Abstract
Scene understanding methodologies (e.g., classification, segmentation,
and anomaly detection) can be costly when operating on a per-pixel
basis. As remote sensing applications rely on imagery with greater
resolution, pixels regularly contain similar information to their
neighbors. In recent years, scene understanding approaches have
leveraged superpixel algorithms to partition imagery into small
homogeneous regions for a variety of tasks. Instead of performing
operations on millions of pixels, thousands, or in some cases hundreds
of superpixels can be used as inputs into various pipelines. Most
superpixel algorithms rely solely on RGB color information to produce
superpixel maps. However, when multiple co-registered modalities are
available, as is the case with the National Ecological Observatory
Network (NEON) tree crown dataset, it is possible to combine information
from multiple sources to produce a single shared map.

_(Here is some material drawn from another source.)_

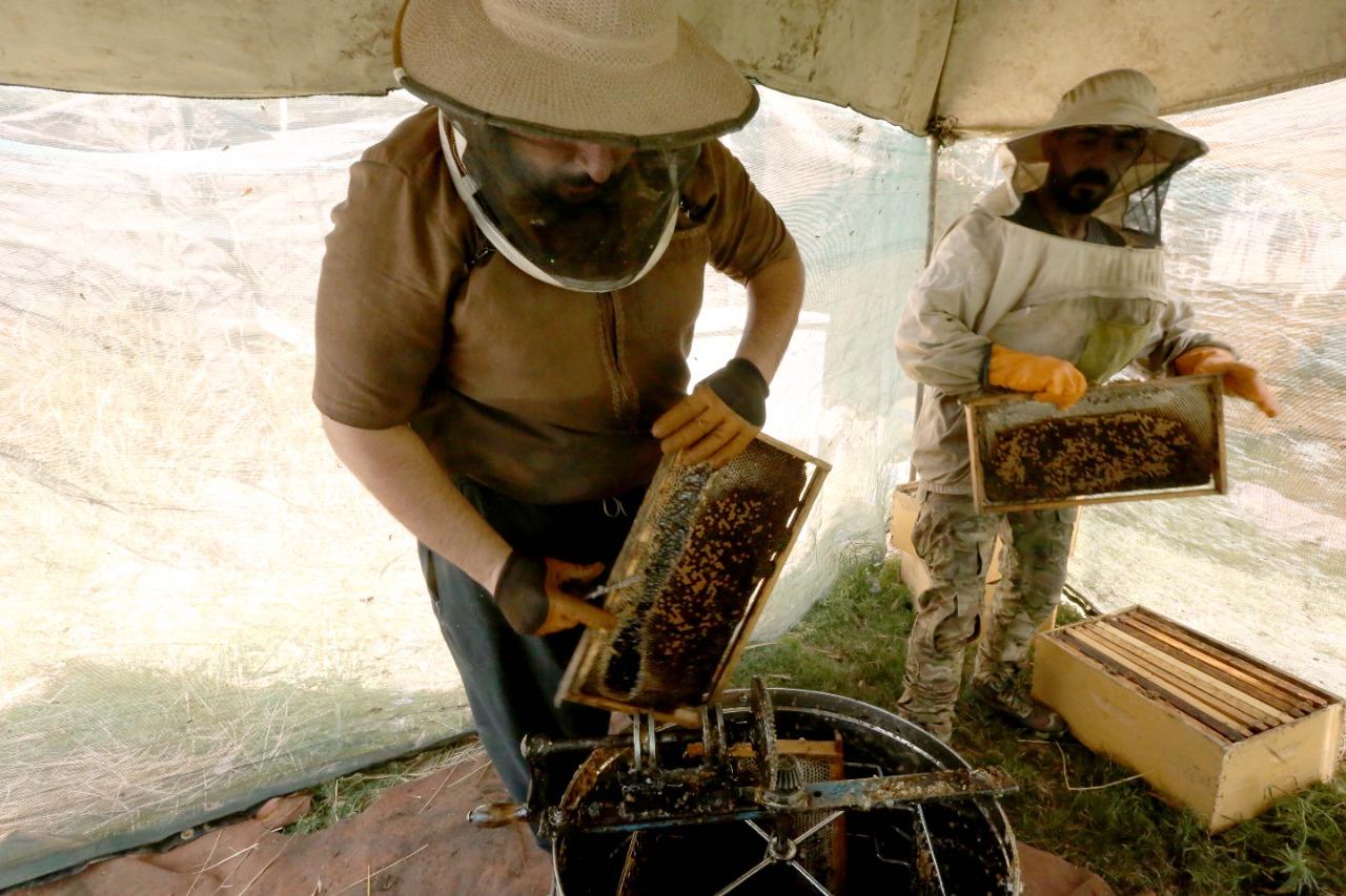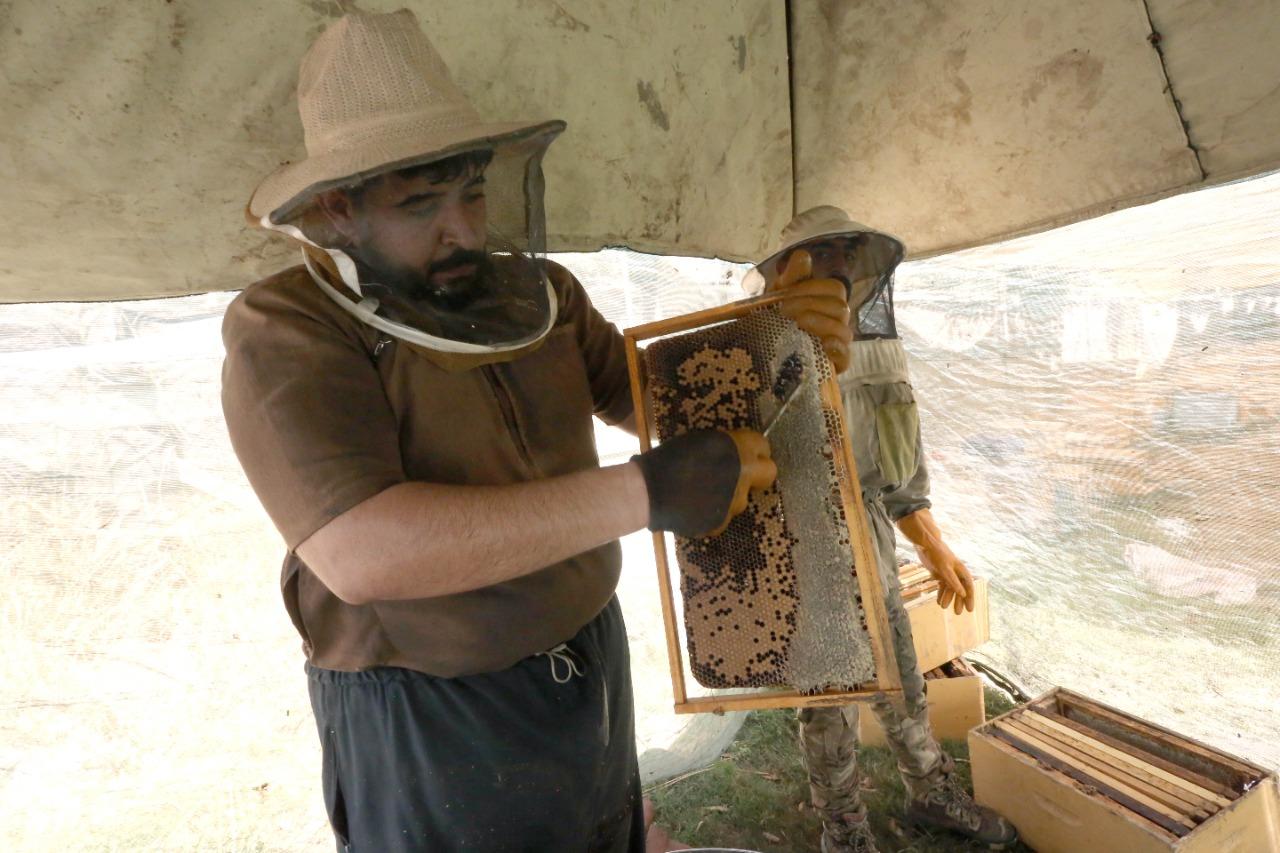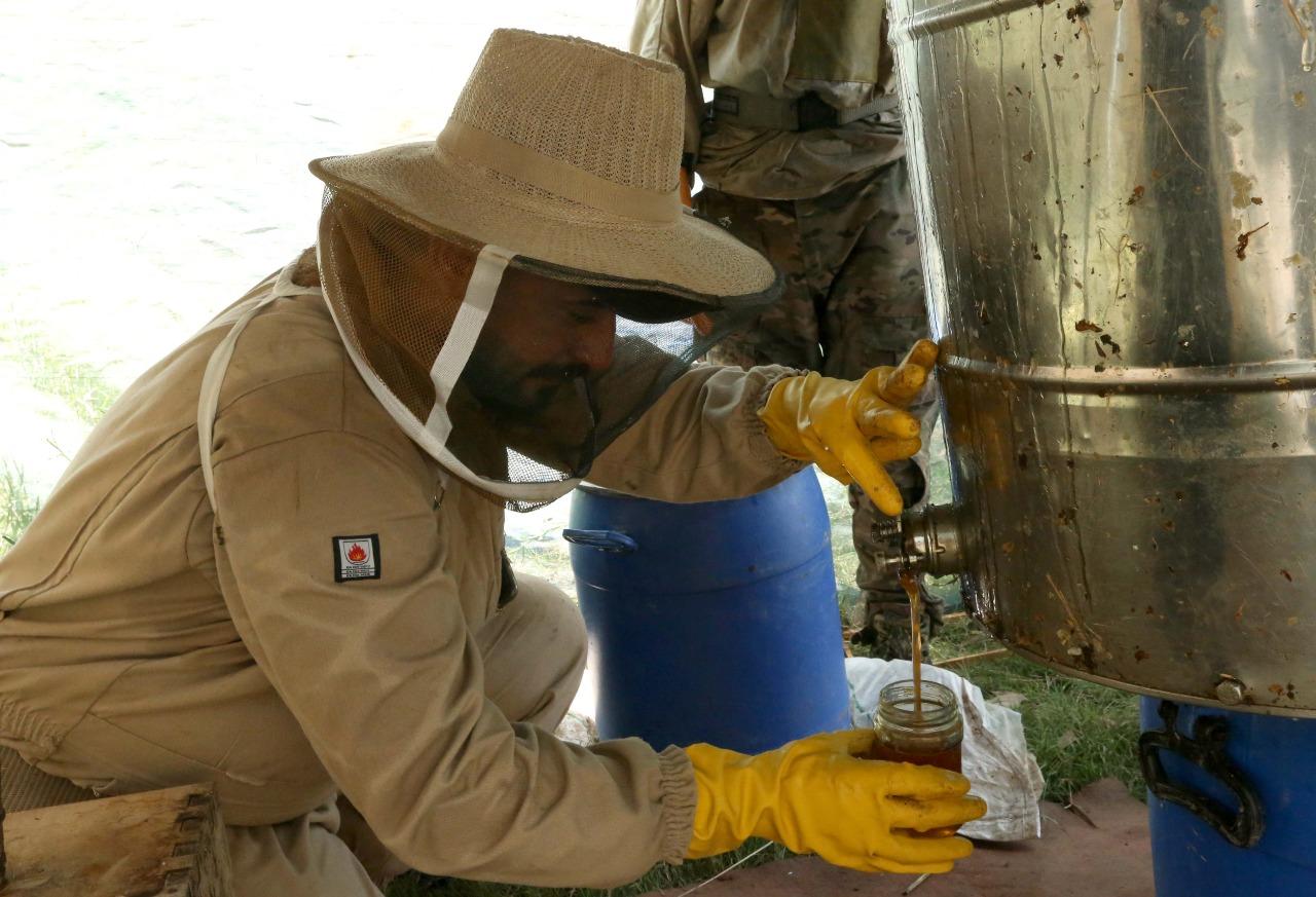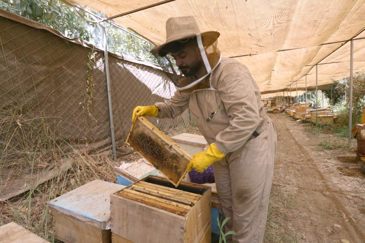 وثقت عدسة (المدى)، لقطات من عمل أحد مناحل مربي النحل أثناء طريقة استخراج العسل وبيعه على المواطنين.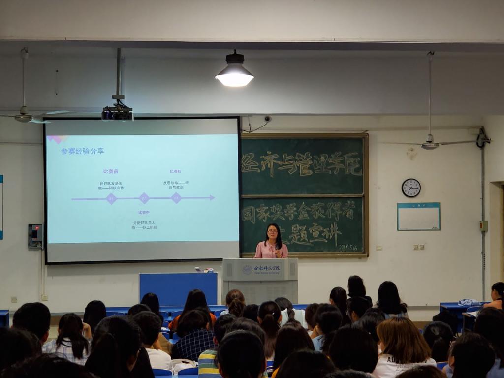 5月16日晚7点,太阳集团tyc33455在逸夫楼A301教室举行“出彩合师”——太阳集团tyc334552018年“国家奖学金”获得者宣讲活动。来自2015级财务管理专业的卢敏同学、2016级经济学专业的胡悦同学为我院同学作报告。院党总支副书记陶敏及学院2018级部分专业同学参加了此次宣讲会。宣讲会由辅导员谷跃东老师主持。

In this work we
combine airborne hyperspectral imagery, LiDAR point clouds, and RGB
imagery to obtain superpixel maps and compare the oversegmentation
results to those obtained by fusing individual maps produced from each
modality. Superpixels are computed using the Simple Non-Iterative
Clustering (SNIC) algorithm. Oversegmentation maps are scored using
standard evaluation approaches. We present results on a subset of the
National Ecological Observatory Network imagery dataset.